Nathan opted for the human computer. He intends to put a motorcycle grip on his shift stick. The grip will control the electric motor, and even provide regen.

I can see where it would work, but it seems like you'd need to learn how to drive all over again.


----------



## Fatboy (Oct 30, 2007)

Maybe it's just me but I cringe when I see "Breaklights" as in the picture above. Also in the above design I see a problem in rear tire wear being overly excessive. 
These type of designs look good on paper but turn out to be less than desirable.

Fatboy


----------



## BenNelson (Jul 27, 2007)

The trike illustration was just an example of something similar.

I would intend to convert a four-wheel vehicle, complete with original brake lights.

For the Suzuki, I like the human computer idea. I was thinking of something along the lines of a motorcycle throttle to power the electric motor.

I was also thinking that one would use the gas or electric, but not both at the same time. Have the manual transmission in nuetral except when actively using the gas engine.

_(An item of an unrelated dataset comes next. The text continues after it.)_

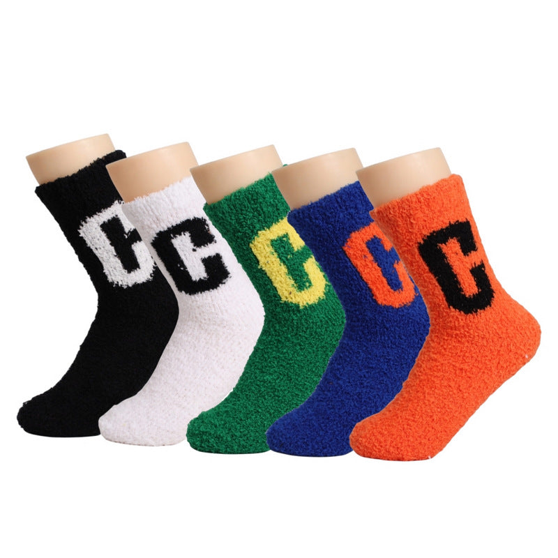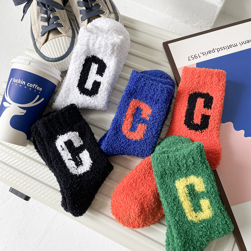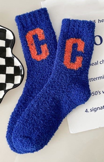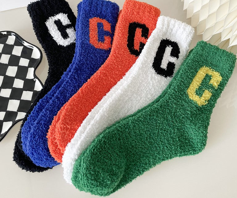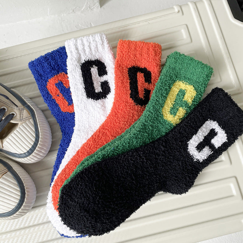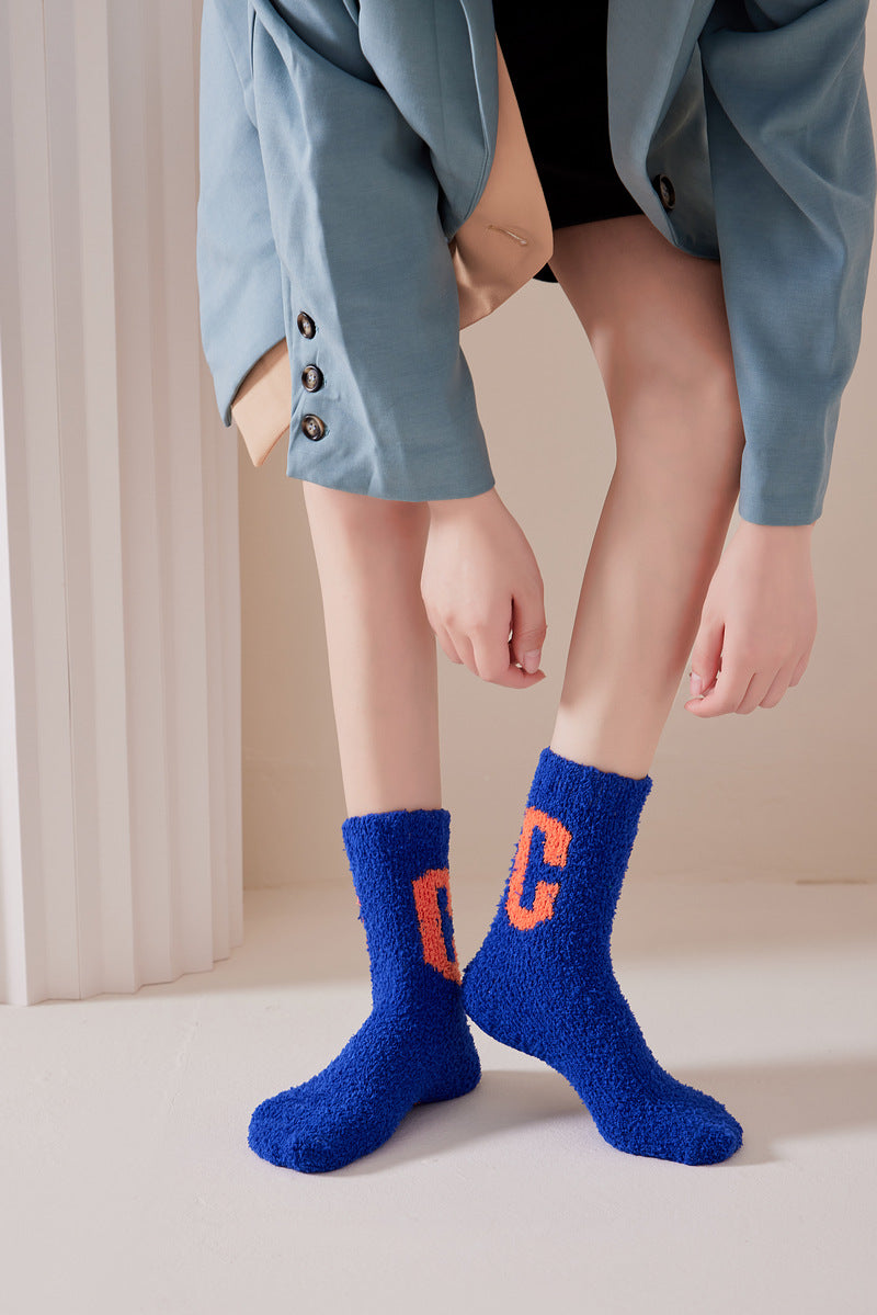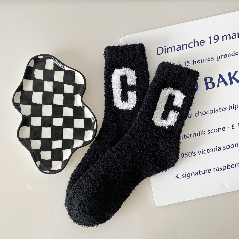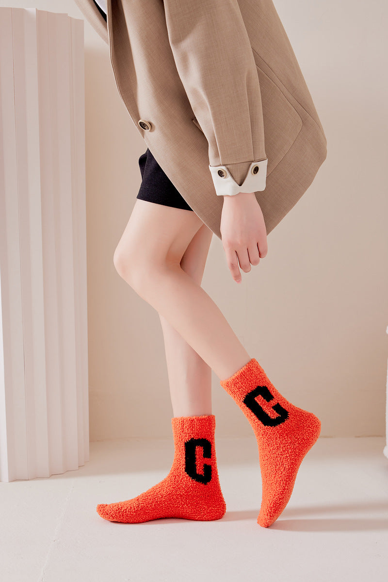 Super Cozy Women's Coral Fleece Socks With Sherpa Lining And Letter Embroidery Holiday Socks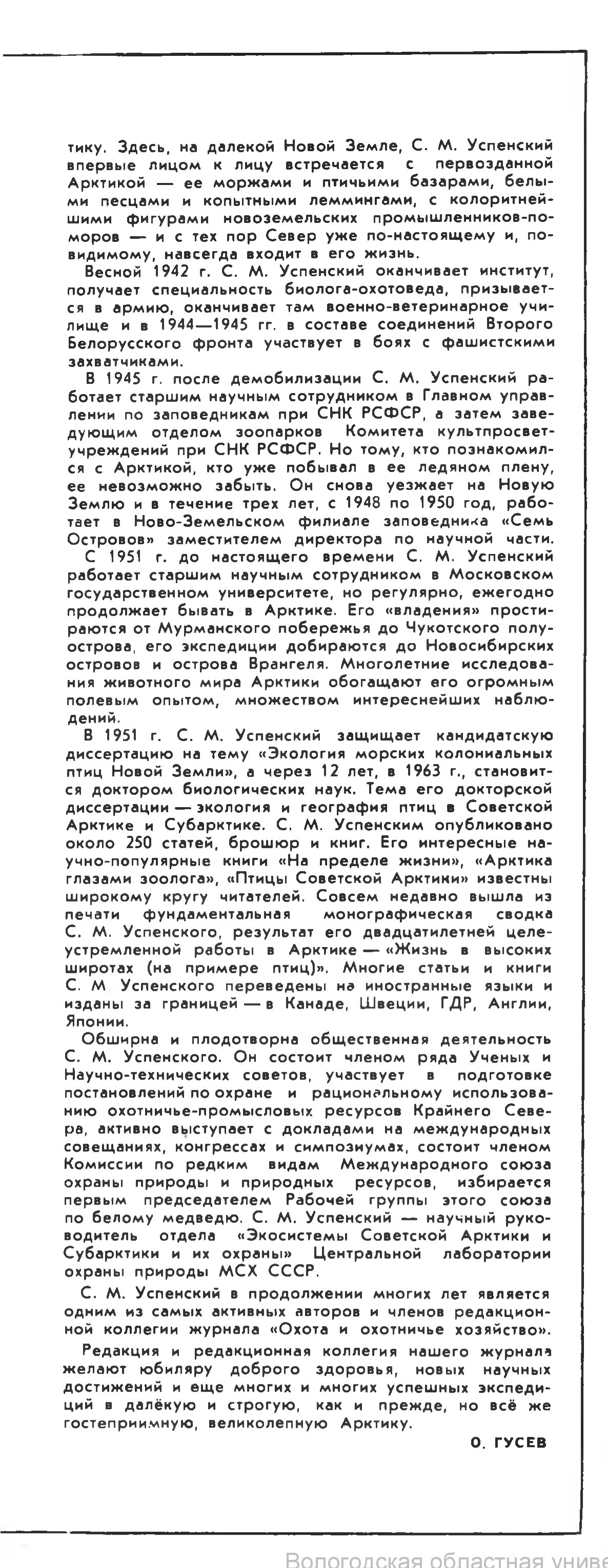 Гусев О.Савва Михайлович Успенский (к 50-летию со дня рождени)// Охота и охотничье хозяйство 1970_12

FATBOY - what would cause excessive rear tire wear? And do you mean just in the trike design pictured, or in a similar four-wheeled vehicle as well?


----------



## Fatboy (Oct 30, 2007)

Just the torque of pushing the rest of the vehicle. Rear tires usually wear when only powering a bike, even a small one. Adding the extra two front wheels, frame work, and body will certainly mean extra wear on the tire.

Fatboy


----------



## fishaholic (May 1, 2008)

There was a guy doing something like this in the 80s with a 4X4. I couldn't find the article but I found the article on the first Hybrid that he built.
http://www.motherearthnews.com/Gree...-01/An-Amazing-75-MPG-Hybrid-Electic-Car.aspx
They did have another article on one that he built out of a Van.


----------



## ww321q (Mar 28, 2008)

someone just posted the link in another string .....J.W. 
http://www.motherearthnews.com/Rene...Dave-Arthurs-Amazing-Hybrid-Electric-Car.aspx


----------